Task to complete:
I need the lines from the one containing "Στο Άλσος Περιστερίου" through the last line of the entries retyped exactly, with no pictures among them.

Available records:
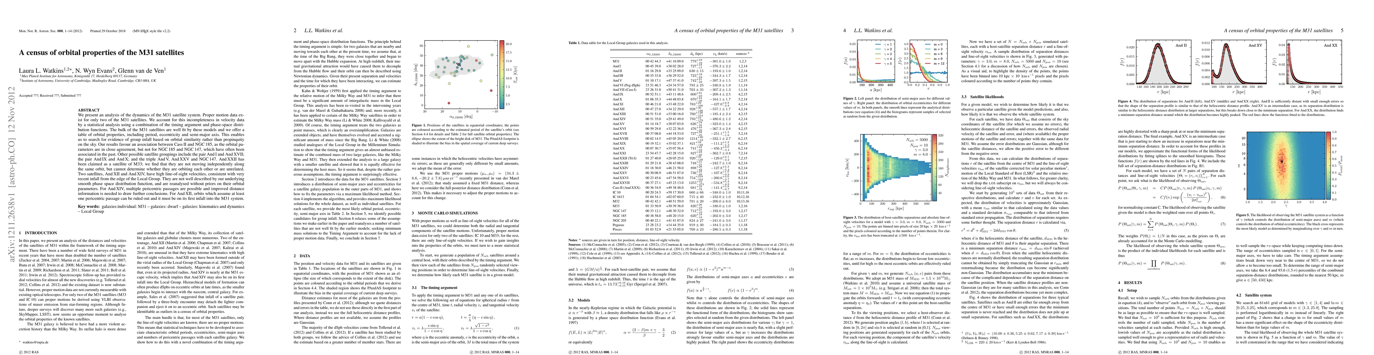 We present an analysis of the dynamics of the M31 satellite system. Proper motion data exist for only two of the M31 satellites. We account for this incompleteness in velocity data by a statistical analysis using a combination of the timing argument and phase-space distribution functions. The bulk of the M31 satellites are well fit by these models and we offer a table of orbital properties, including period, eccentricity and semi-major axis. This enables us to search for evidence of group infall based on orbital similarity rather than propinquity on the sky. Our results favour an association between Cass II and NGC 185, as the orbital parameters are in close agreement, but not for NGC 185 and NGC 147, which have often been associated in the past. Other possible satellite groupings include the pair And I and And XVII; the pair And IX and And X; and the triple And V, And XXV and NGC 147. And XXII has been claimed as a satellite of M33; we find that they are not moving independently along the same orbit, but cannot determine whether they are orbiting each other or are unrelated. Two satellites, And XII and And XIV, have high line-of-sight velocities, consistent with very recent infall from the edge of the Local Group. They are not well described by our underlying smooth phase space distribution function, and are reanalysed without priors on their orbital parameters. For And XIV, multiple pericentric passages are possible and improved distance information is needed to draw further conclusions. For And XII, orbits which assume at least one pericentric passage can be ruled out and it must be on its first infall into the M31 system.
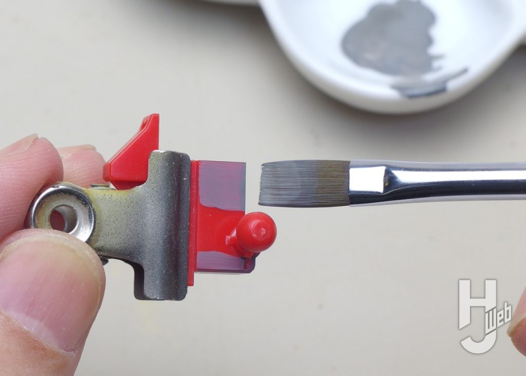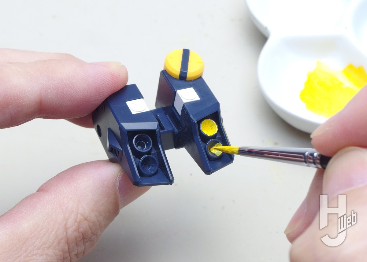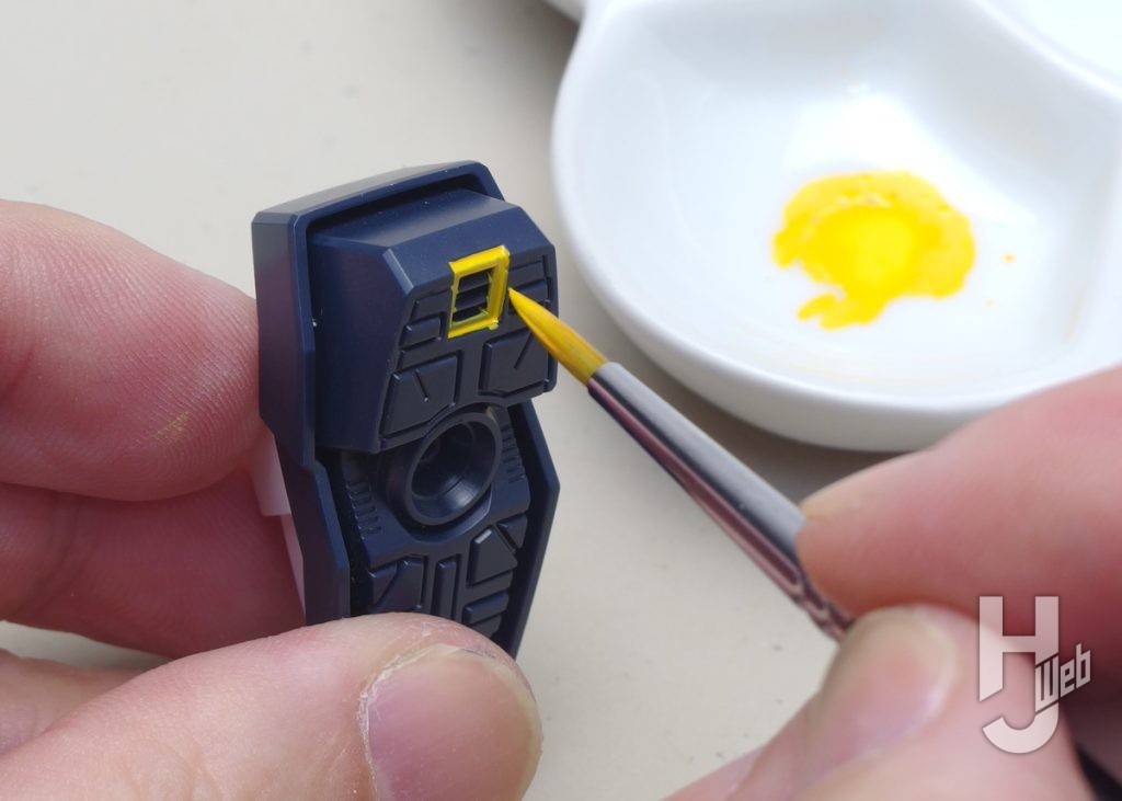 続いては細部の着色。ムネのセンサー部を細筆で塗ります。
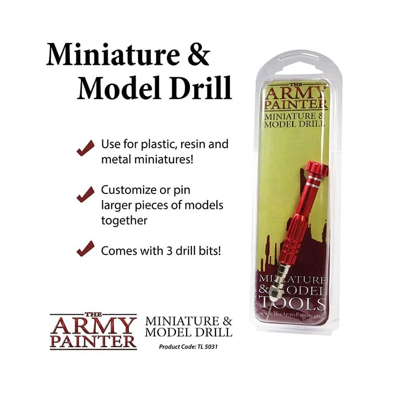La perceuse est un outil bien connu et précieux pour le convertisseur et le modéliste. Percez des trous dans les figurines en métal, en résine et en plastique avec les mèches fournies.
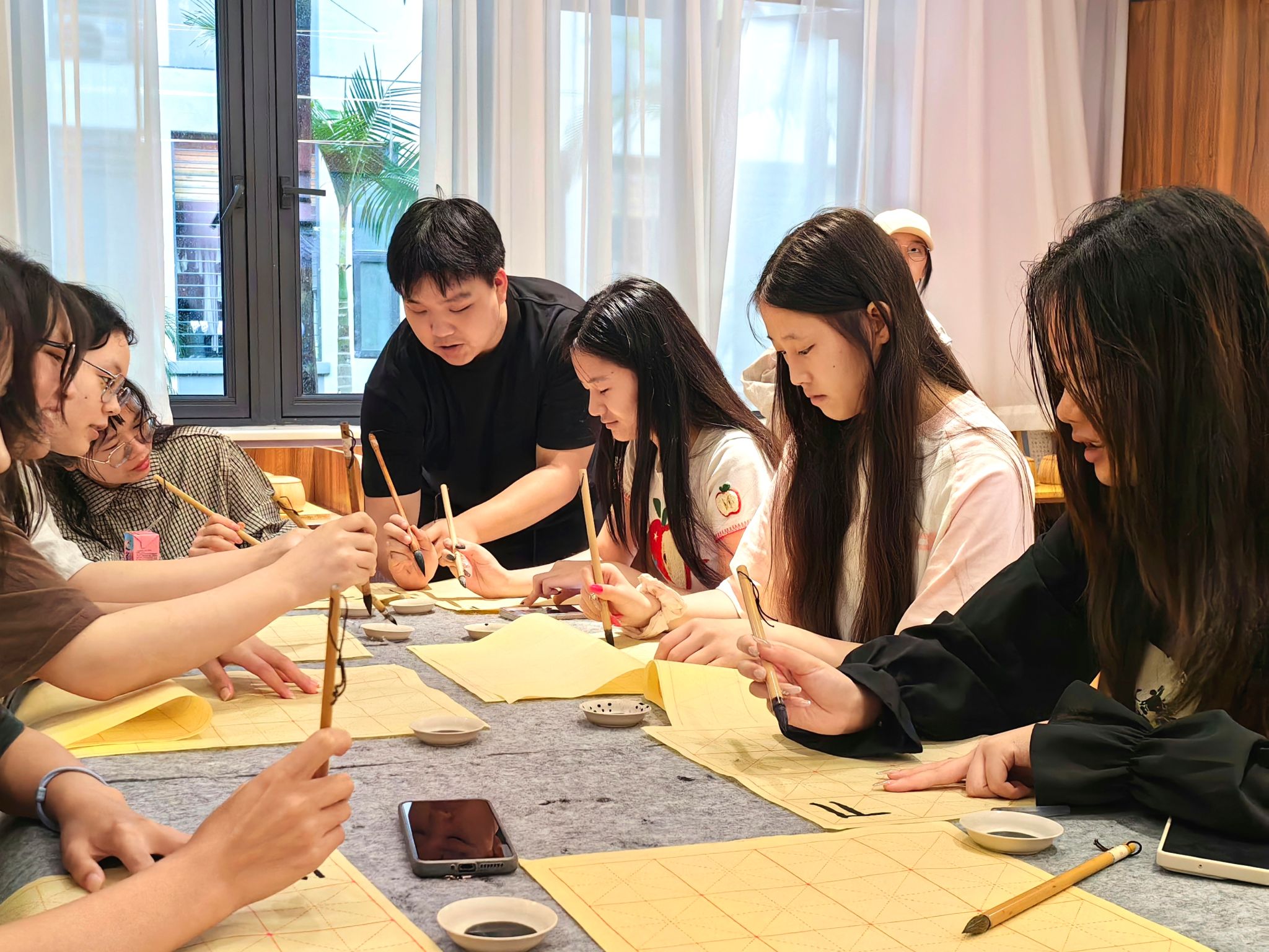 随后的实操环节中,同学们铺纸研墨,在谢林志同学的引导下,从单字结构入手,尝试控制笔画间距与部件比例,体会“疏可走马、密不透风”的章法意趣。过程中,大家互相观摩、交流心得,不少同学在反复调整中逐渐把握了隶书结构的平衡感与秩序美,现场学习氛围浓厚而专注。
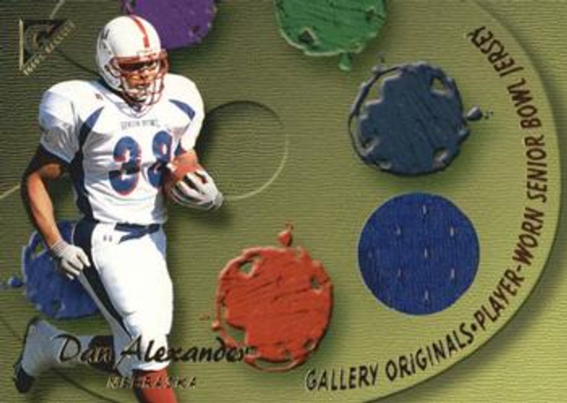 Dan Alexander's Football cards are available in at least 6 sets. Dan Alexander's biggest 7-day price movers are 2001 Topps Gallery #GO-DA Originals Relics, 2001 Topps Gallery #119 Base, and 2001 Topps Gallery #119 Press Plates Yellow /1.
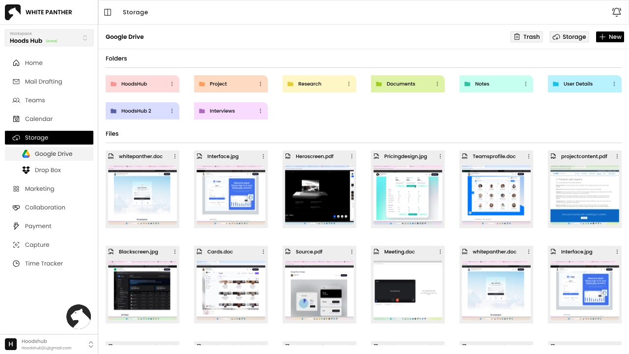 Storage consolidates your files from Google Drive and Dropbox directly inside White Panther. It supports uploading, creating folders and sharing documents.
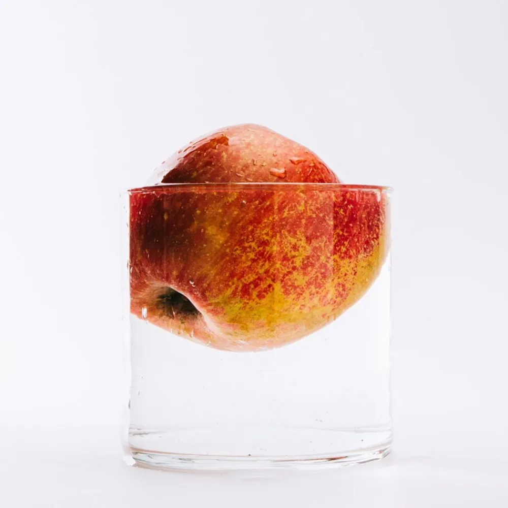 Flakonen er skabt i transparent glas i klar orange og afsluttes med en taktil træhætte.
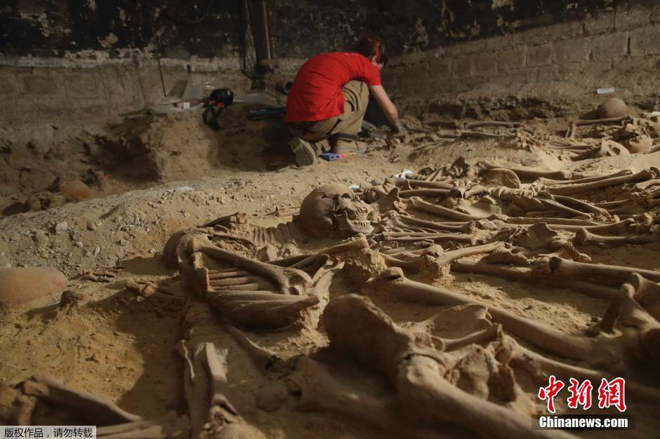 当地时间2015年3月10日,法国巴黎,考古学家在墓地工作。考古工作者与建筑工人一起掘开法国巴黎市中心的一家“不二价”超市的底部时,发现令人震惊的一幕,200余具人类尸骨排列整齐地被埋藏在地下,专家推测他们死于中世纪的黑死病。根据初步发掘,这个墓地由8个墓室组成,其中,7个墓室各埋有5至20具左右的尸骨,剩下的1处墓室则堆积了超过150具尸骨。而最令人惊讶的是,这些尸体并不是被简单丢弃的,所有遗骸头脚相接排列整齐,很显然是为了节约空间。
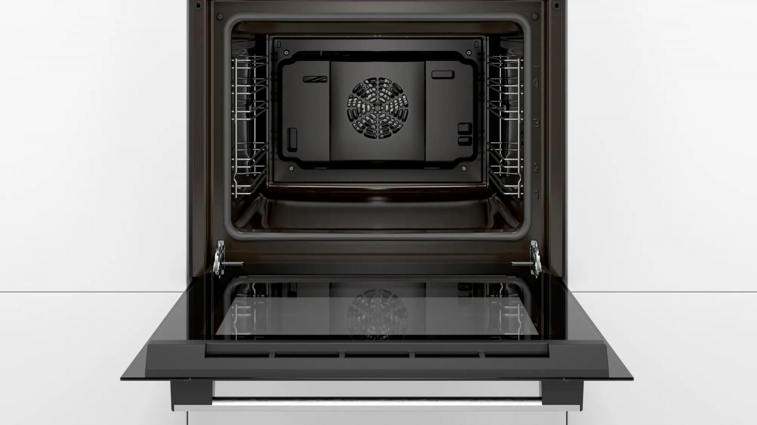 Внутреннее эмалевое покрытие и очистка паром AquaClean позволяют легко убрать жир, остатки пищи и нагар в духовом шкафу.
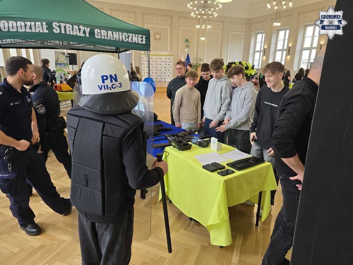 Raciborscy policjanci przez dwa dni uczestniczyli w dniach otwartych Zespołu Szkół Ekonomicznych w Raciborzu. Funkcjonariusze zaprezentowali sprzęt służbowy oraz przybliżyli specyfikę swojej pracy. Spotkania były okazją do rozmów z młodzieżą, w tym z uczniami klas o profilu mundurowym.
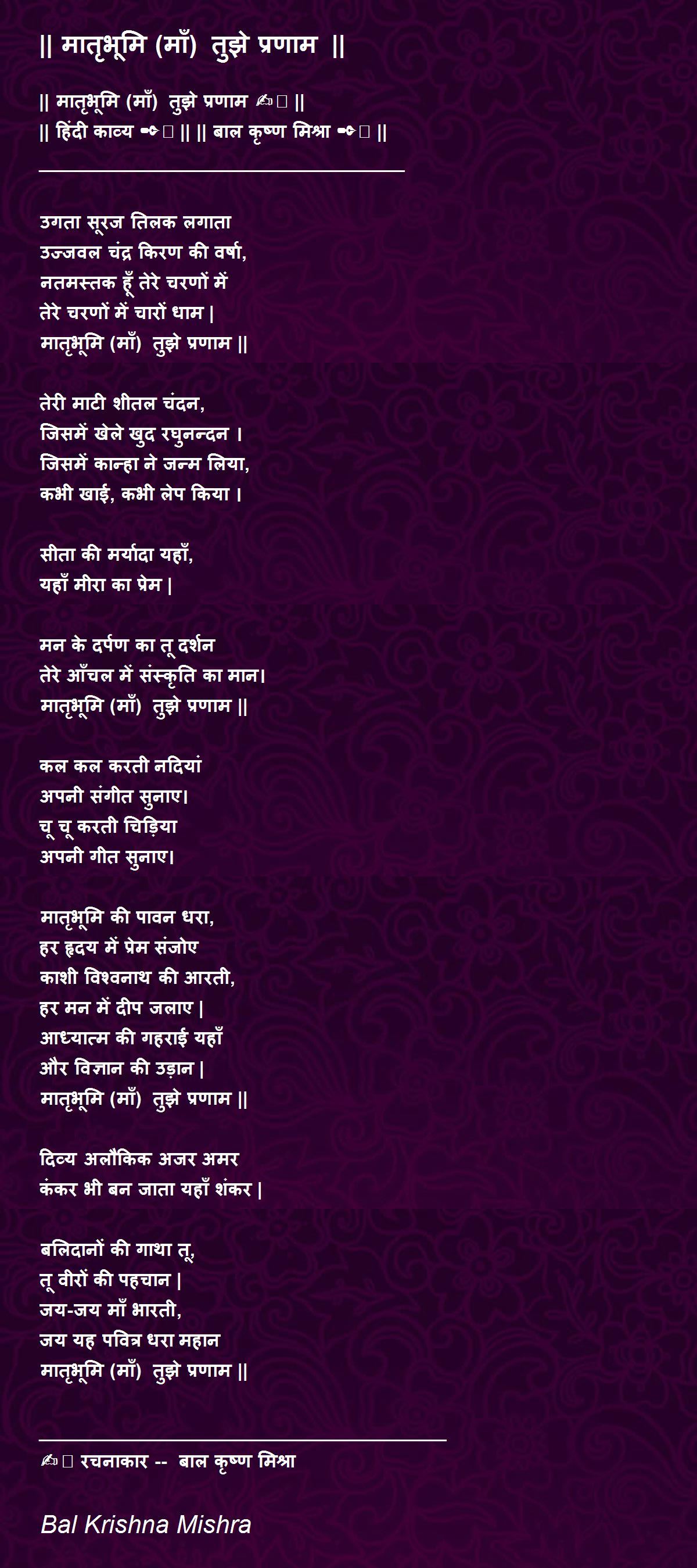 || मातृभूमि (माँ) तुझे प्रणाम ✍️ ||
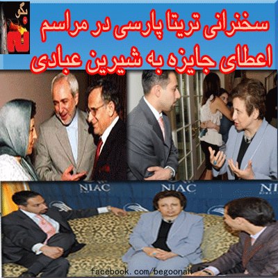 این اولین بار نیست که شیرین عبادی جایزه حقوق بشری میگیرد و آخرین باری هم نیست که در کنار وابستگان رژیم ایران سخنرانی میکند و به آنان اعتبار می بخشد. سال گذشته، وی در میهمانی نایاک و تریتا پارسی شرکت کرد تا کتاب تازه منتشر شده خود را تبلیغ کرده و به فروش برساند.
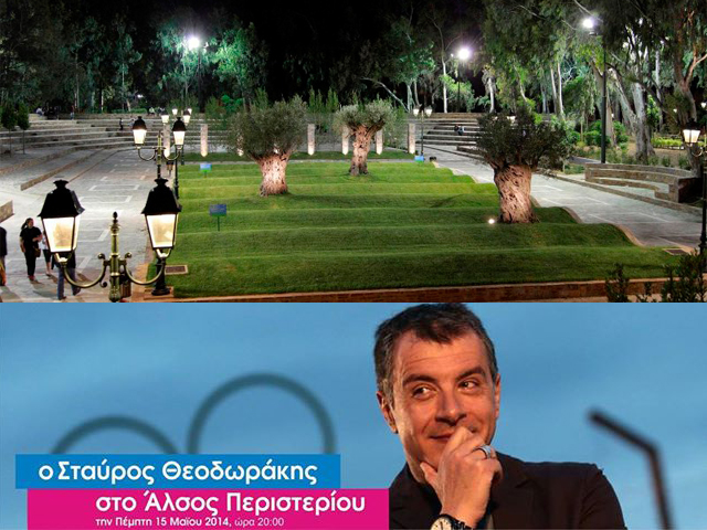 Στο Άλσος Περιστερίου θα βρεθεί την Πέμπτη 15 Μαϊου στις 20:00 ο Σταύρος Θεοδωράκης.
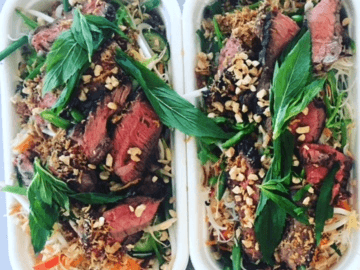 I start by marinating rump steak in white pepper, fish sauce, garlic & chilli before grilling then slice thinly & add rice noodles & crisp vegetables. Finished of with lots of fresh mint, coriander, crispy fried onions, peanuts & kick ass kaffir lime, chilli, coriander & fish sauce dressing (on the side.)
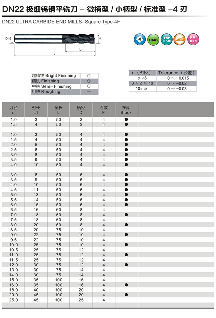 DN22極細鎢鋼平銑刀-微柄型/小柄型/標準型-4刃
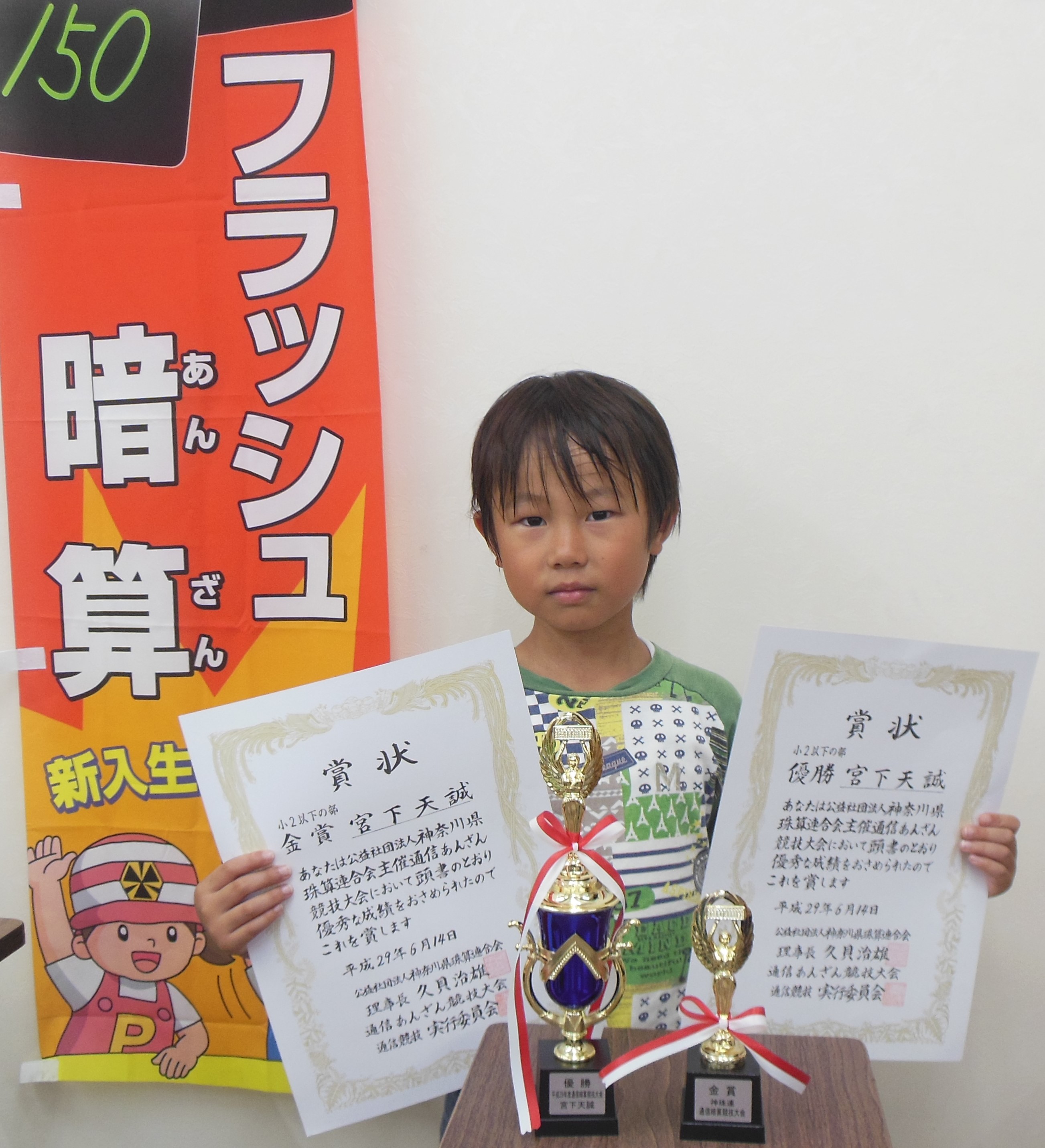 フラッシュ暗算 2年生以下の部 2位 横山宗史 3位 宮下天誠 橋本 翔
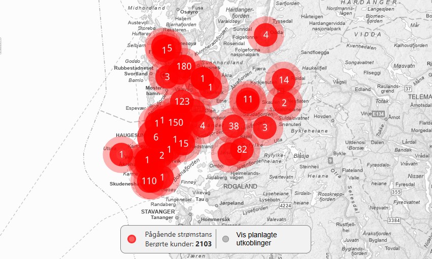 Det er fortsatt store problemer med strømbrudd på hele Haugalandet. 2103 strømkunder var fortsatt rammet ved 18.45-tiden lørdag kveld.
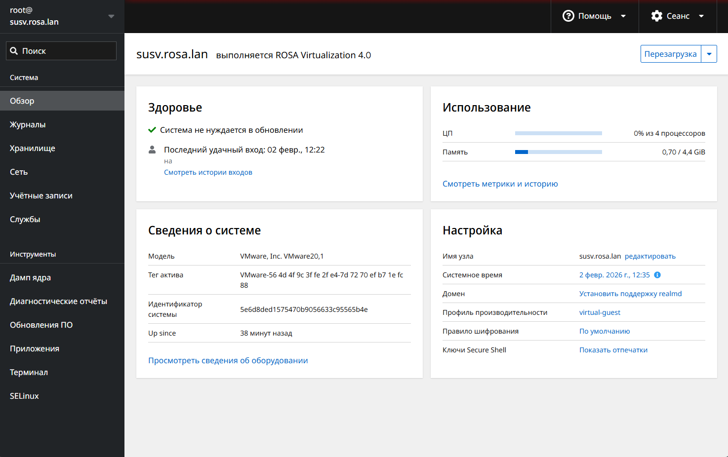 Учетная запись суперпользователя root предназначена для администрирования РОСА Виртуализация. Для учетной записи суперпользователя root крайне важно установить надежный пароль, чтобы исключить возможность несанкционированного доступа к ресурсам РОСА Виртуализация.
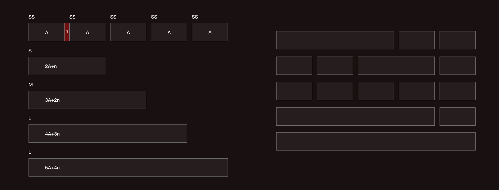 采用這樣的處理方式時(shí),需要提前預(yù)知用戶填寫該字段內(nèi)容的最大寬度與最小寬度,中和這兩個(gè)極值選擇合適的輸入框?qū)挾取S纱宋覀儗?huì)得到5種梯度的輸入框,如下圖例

Result of the exercise:
 Στο Άλσος Περιστερίου θα βρεθεί την Πέμπτη 15 Μαϊου στις 20:00 ο Σταύρος Θεοδωράκης.
 I start by marinating rump steak in white pepper, fish sauce, garlic & chilli before grilling then slice thinly & add rice noodles & crisp vegetables. Finished of with lots of fresh mint, coriander, crispy fried onions, peanuts & kick ass kaffir lime, chilli, coriander & fish sauce dressing (on the side.)
 DN22極細鎢鋼平銑刀-微柄型/小柄型/標準型-4刃
 フラッシュ暗算 2年生以下の部 2位 横山宗史 3位 宮下天誠 橋本 翔
 Det er fortsatt store problemer med strømbrudd på hele Haugalandet. 2103 strømkunder var fortsatt rammet ved 18.45-tiden lørdag kveld.
 Учетная запись суперпользователя root предназначена для администрирования РОСА Виртуализация. Для учетной записи суперпользователя root крайне важно установить надежный пароль, чтобы исключить возможность несанкционированного доступа к ресурсам РОСА Виртуализация.
 采用這樣的處理方式時(shí),需要提前預(yù)知用戶填寫該字段內(nèi)容的最大寬度與最小寬度,中和這兩個(gè)極值選擇合適的輸入框?qū)挾取S纱宋覀儗?huì)得到5種梯度的輸入框,如下圖例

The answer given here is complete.